**Exercise requirements**
Give the data below again exactly as written, but without the pictures.
====== Dataset extract ======
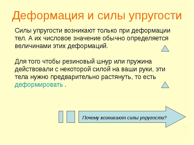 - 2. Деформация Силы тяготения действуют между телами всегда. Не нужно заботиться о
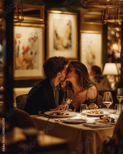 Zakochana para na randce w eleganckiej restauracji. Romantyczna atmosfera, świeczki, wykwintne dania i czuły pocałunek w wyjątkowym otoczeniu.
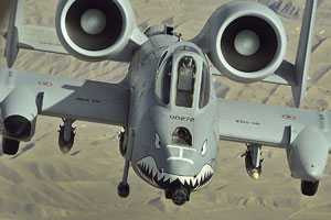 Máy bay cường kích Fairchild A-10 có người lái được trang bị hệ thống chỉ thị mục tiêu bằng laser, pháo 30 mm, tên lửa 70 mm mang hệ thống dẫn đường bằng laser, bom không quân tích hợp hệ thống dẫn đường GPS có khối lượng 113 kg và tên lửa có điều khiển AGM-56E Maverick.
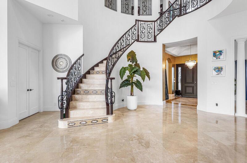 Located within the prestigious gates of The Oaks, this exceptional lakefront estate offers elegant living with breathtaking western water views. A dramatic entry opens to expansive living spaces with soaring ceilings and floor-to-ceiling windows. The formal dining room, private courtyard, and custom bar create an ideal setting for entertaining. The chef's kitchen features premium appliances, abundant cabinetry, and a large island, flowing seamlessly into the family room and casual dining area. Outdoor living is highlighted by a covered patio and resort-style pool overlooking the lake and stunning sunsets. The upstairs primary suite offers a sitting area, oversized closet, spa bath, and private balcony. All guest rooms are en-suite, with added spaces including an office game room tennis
======
**Solution for this problem**
 - 2. Деформация Силы тяготения действуют между телами всегда. Не нужно заботиться о
 Zakochana para na randce w eleganckiej restauracji. Romantyczna atmosfera, świeczki, wykwintne dania i czuły pocałunek w wyjątkowym otoczeniu.
 Máy bay cường kích Fairchild A-10 có người lái được trang bị hệ thống chỉ thị mục tiêu bằng laser, pháo 30 mm, tên lửa 70 mm mang hệ thống dẫn đường bằng laser, bom không quân tích hợp hệ thống dẫn đường GPS có khối lượng 113 kg và tên lửa có điều khiển AGM-56E Maverick.
 Located within the prestigious gates of The Oaks, this exceptional lakefront estate offers elegant living with breathtaking western water views. A dramatic entry opens to expansive living spaces with soaring ceilings and floor-to-ceiling windows. The formal dining room, private courtyard, and custom bar create an ideal setting for entertaining. The chef's kitchen features premium appliances, abundant cabinetry, and a large island, flowing seamlessly into the family room and casual dining area. Outdoor living is highlighted by a covered patio and resort-style pool overlooking the lake and stunning sunsets. The upstairs primary suite offers a sitting area, oversized closet, spa bath, and private balcony. All guest rooms are en-suite, with added spaces including an office game room tennis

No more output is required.